The archives directory is where all downloaded .deb archives go. When the file transfer is initiated the deb is placed in partial. Once the file is fully downloaded and its MD5 hash and size are verifitied it is moved from partial into archives/. Any files found in archives/ can be assumed to be verified.

No dirctory structure is transfered from the receiving site and all .deb file names conform to debian conventions. No short (msdos) filename should be placed in archives. If the need arises .debs should be unpacked, scanned and renamed to their correct internal names. This is mostly to prevent file name conflicts but other programs may depend on this if convenient. Downloaded .debs must be found in one of the package lists with an exact name + version match.. The Methods Directory (/usr/lib/apt/methods)

Like dselect, APT will support plugable acquisition methods to complement its internaly supported methods. The files in this directory are execultables named after the URI type. APT will sort the required URIs and spawn these programs giving a full sorted, quoted list of URIs.

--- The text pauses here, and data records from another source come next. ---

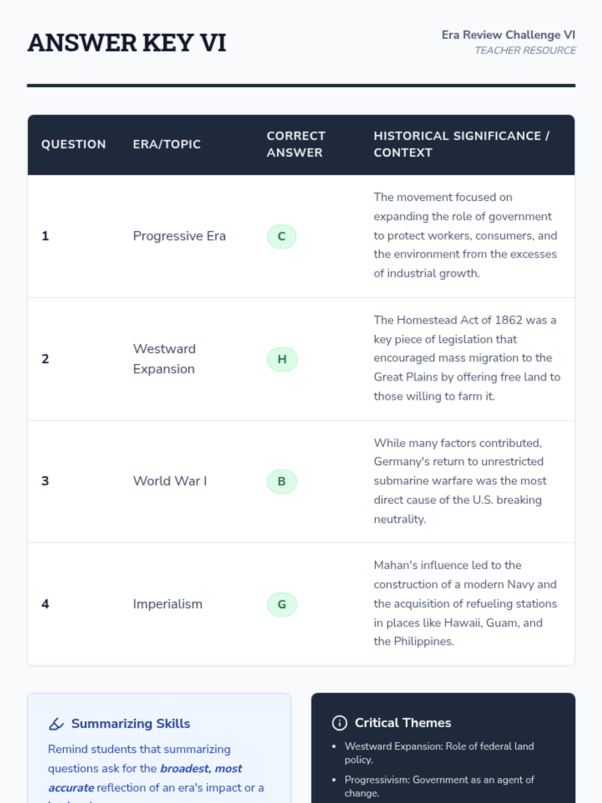A high-speed 25-minute investigation into the three distinct foreign policy styles of the Progressive Era presidents: Roosevelt, Taft, and Wilson. Students use a comparative dossier approach to analyze motives, methods, and outcomes of American expansionism.
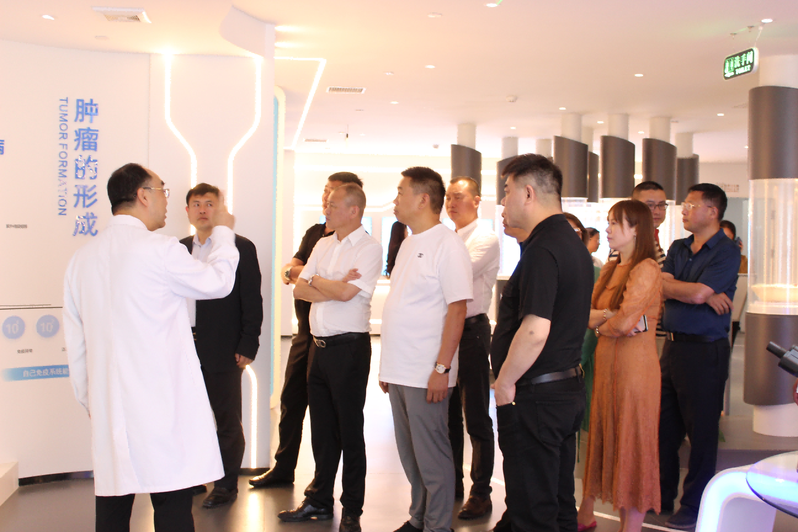 隨后,考察團(tuán)一行在源創(chuàng)基因副總經(jīng)理于衛(wèi)東的陪同下參觀了源創(chuàng)基因生命科學(xué)館,深入了解了人體細(xì)胞起源、細(xì)胞分類及應(yīng)用、干細(xì)胞研發(fā)成果及相關(guān)技術(shù)產(chǎn)品。在講解腫瘤免疫版塊內(nèi)容時(shí),副總經(jīng)理于衛(wèi)東對(duì)考察團(tuán)成員提出的疑問(wèn)進(jìn)行了細(xì)致分析并解答。
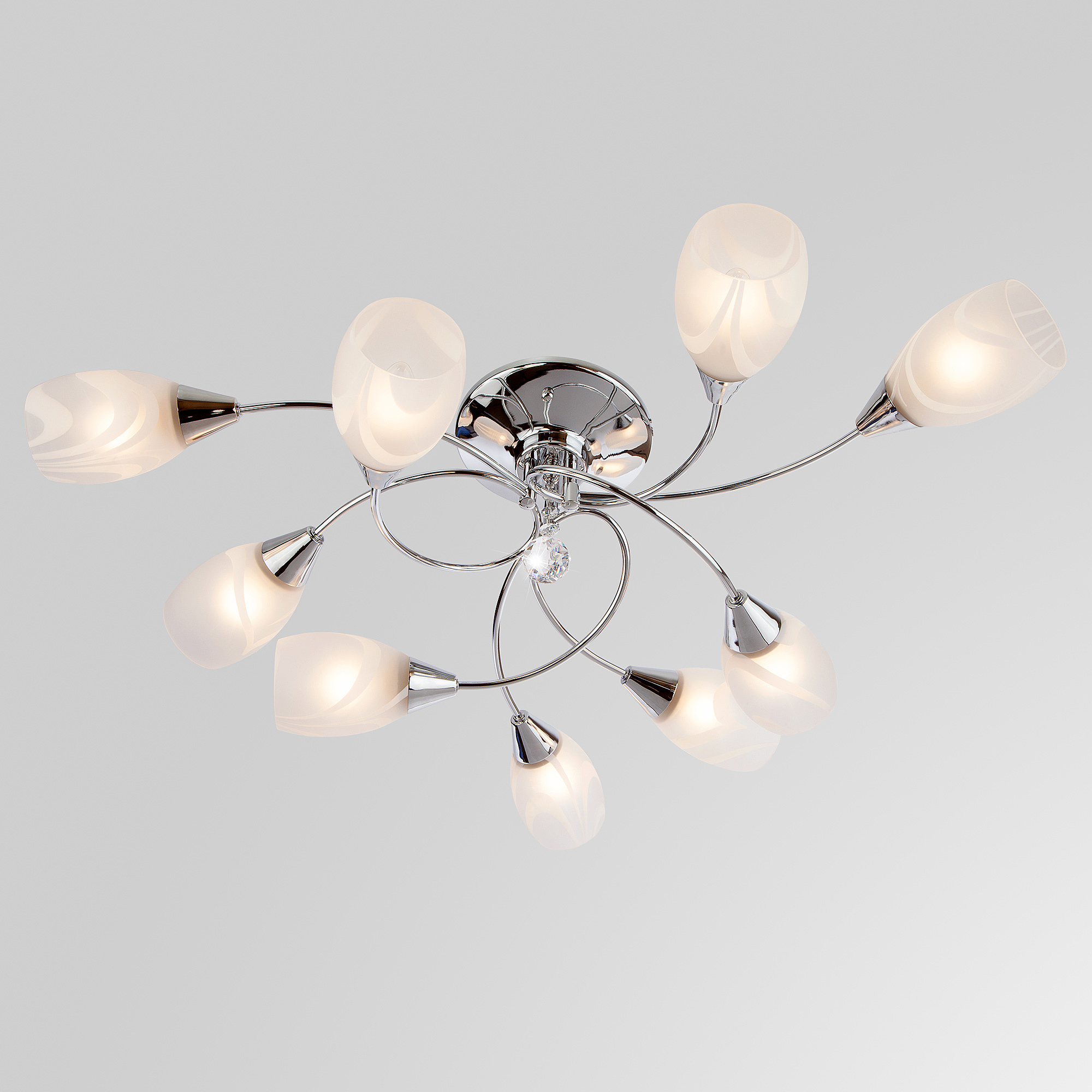 Допускается отличие страны-изготовителя, указанной в характеристиках. Линии производства могут находиться в нескольких государствах. Это не влияет на качество изготовления товара: все заводы данного бренда работают по общим стандартам, а готовые изделия проходят соответствующий контроль.Китай Коллекция Virginia ЦветЦвет арматуры Хром Цвет Хром Материал арматуры Металл Цвет плафона Белый Материал плафона Стекло РазмерыВысота (мм) 220 Длина (мм) 780 Ширина (мм) 780 ЭлектрикаКоличество ламп (шт) 9 Цоколь E27 Лампочки в комплекте Нет в комплекте Мощность лампы (Вт) 60 Напряжение (В) 220 Дополнительная информацияВес (Кг) 3.40 кг -
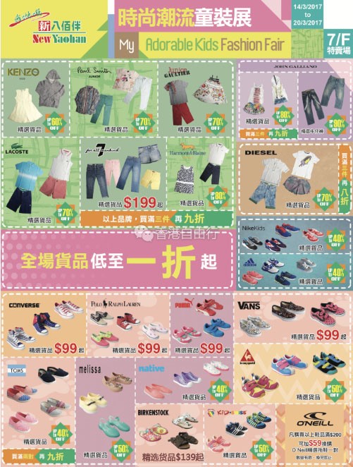 澳门打折:新八佰伴时尚潮流童装展 全场货品低至一折起(即日起至3月20日)
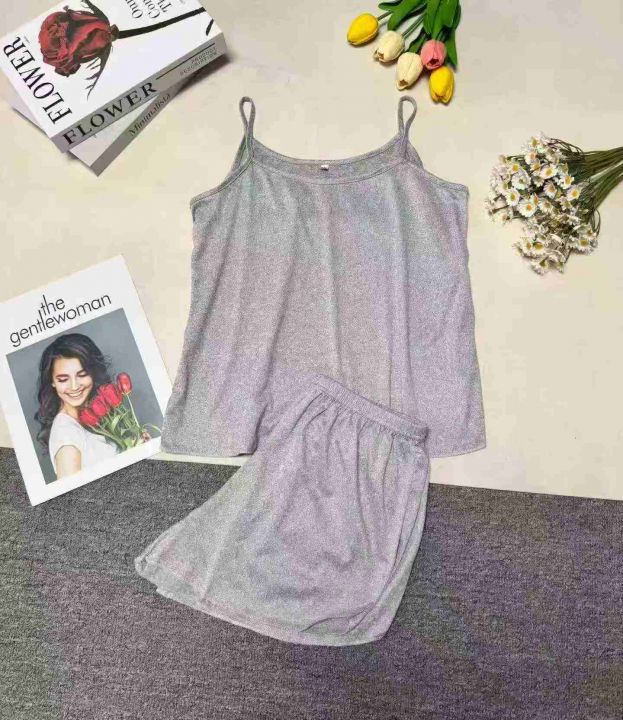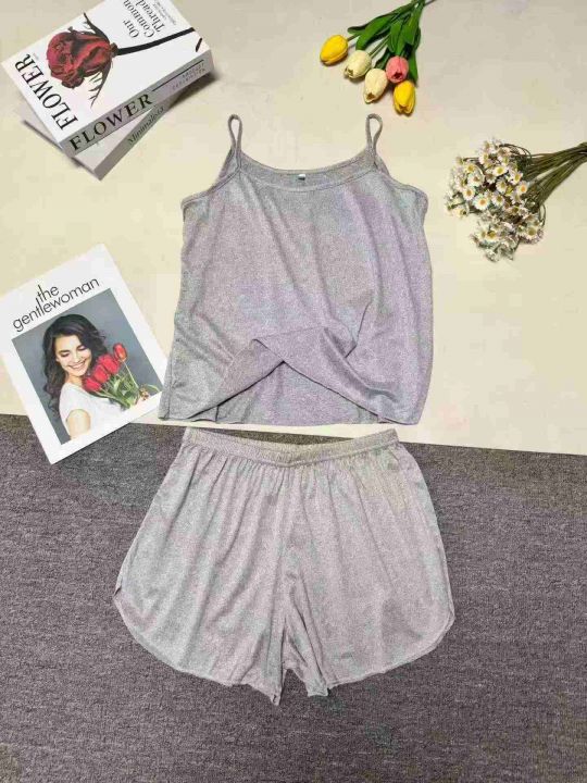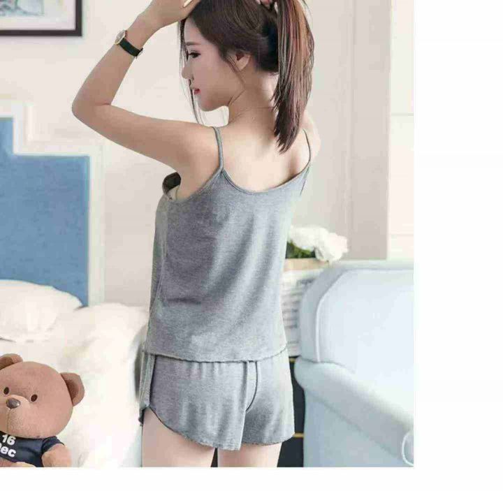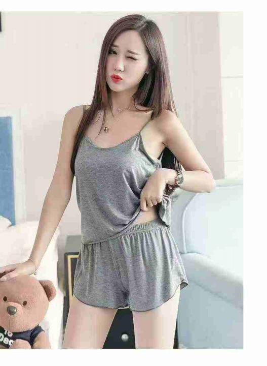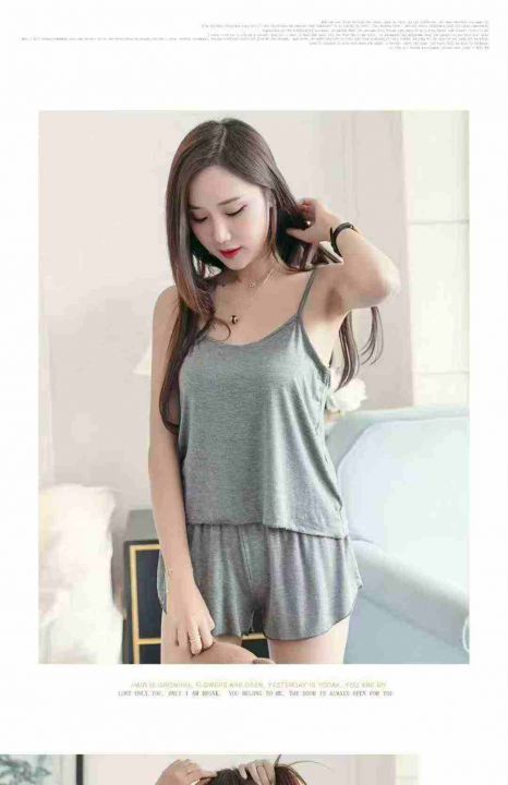 夏季性感吊带短裤女薄款睡衣两件套大码春秋家居服套装(灰色为主)
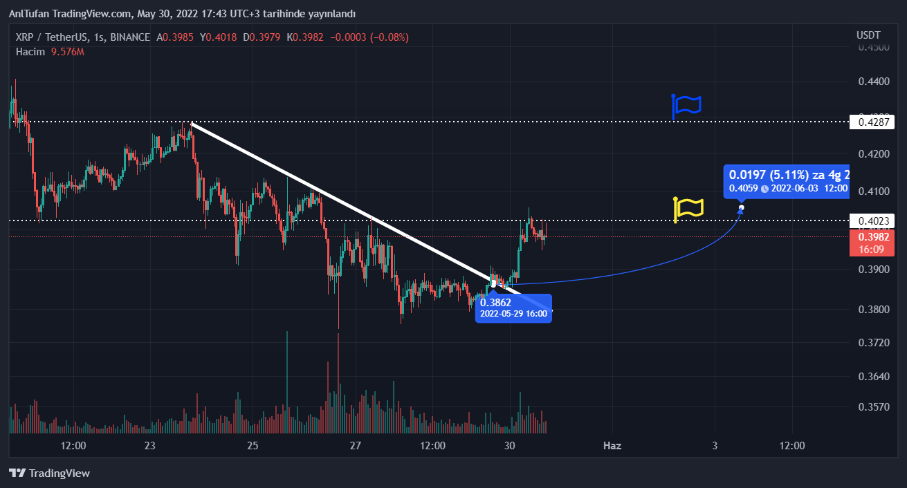 XRP‘nin ilerleyen saatlerde 0.402 dolar direncini kırması yükselişinin devam ettirmesi anlamını taşırken, bu direnç seviyesinden reddedilmesi için 0.3862 dolar seviyesine düşmesine neden olabilir.
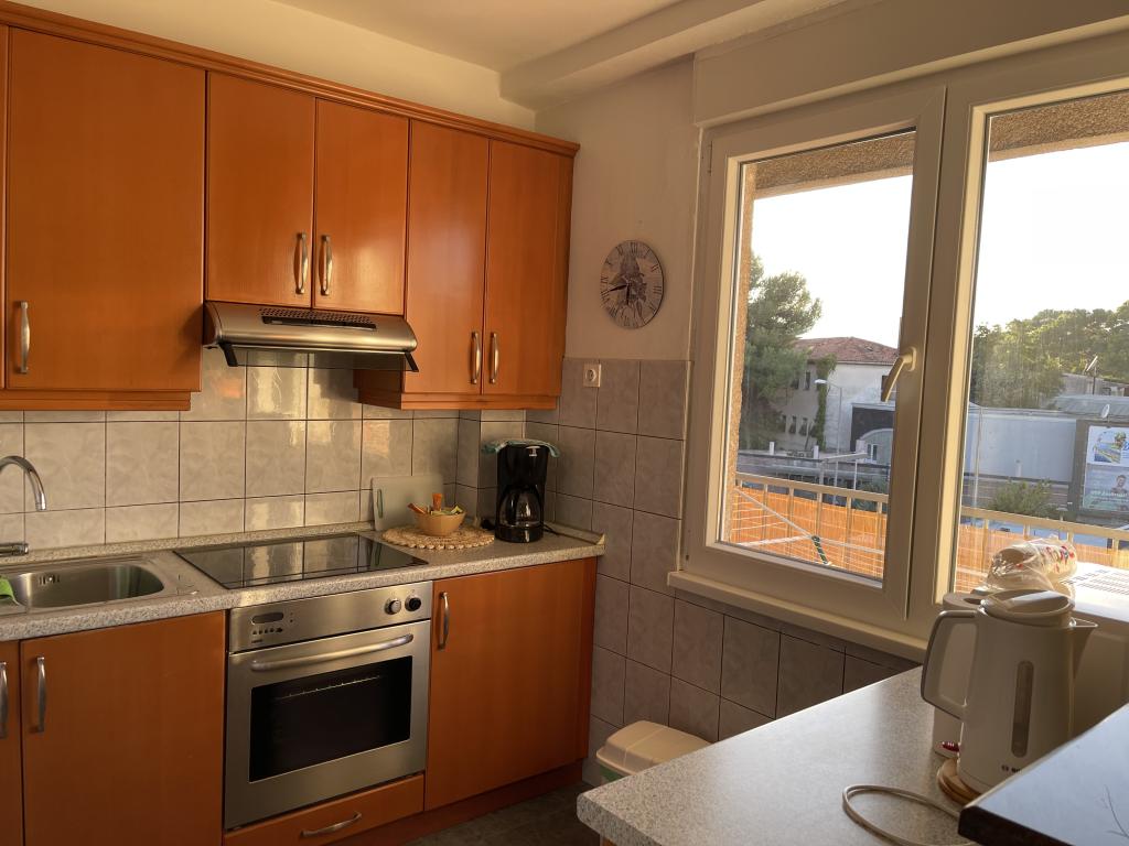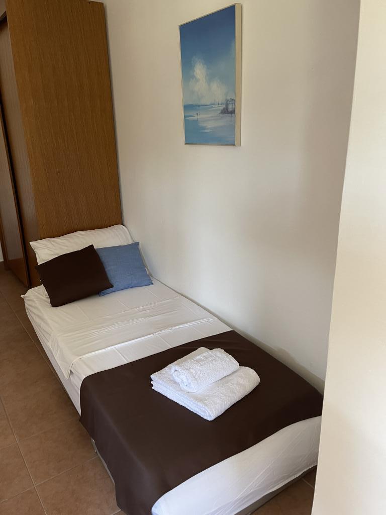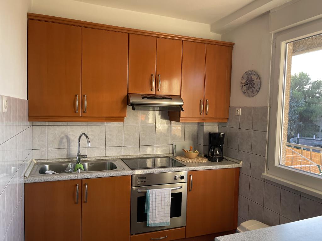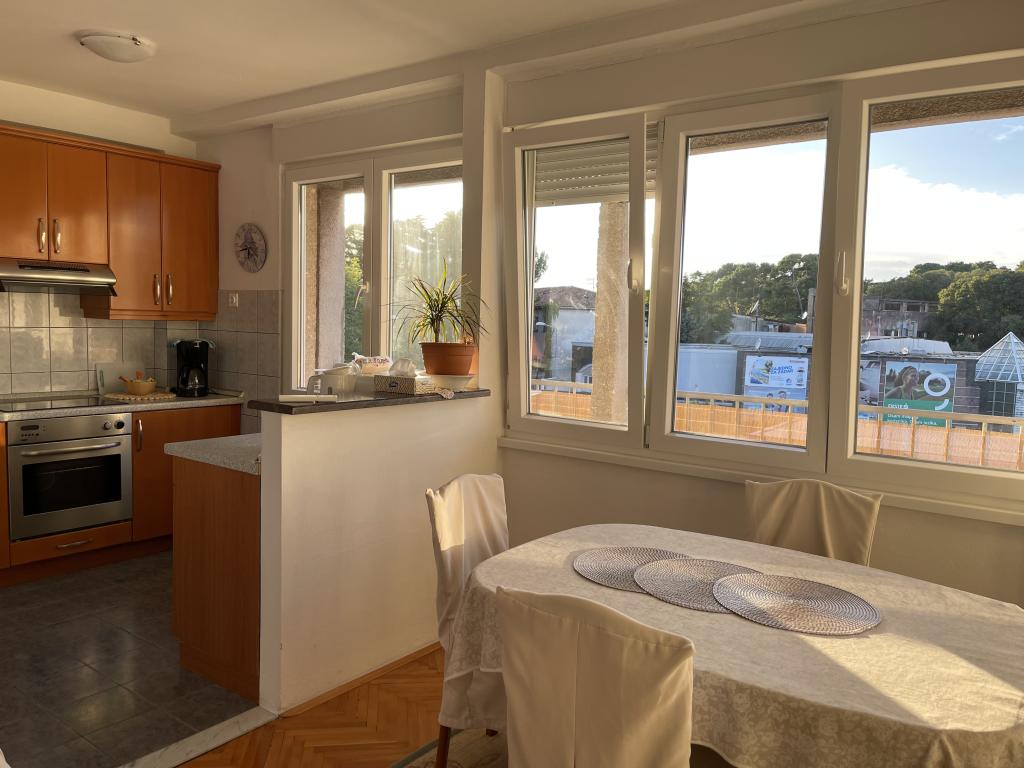 Lejligheden er beliggende nær byens centrum og stranden, havudsigt, 3. sal. Boligenhedens areal er 60m2, den består af 2 soveværelser, det ene med 2 separate senge / 90X200/, og det andet med en dobbeltseng / 160X200/. I stuen er der en sofa til den femte person. Køkken udstyret: mikroovn, kaffemaskine, kedel, ovn. Badeværelset har bruseniche og vaskemaskine, stuen og det ene soveværelse har udgang til terrassen.Lejeprisen inkluderer sengelinned, håndklæder, WI-FI, turistskat

The interface is simple, the program will be given a list of URIs on the command line. The URIs will be a pairs of strings, the first being the actual URI and the second being the filename to write the data to. The current directory will be set properly by APT and it is expected the method will put files relative to the current directory. The output of these programs is strictly speficied. The programs must accept nothing from stdin (stdin will be an invalid fd) and they must output status information to stdout according to the format below. Stderr will be redirected to the logging facility.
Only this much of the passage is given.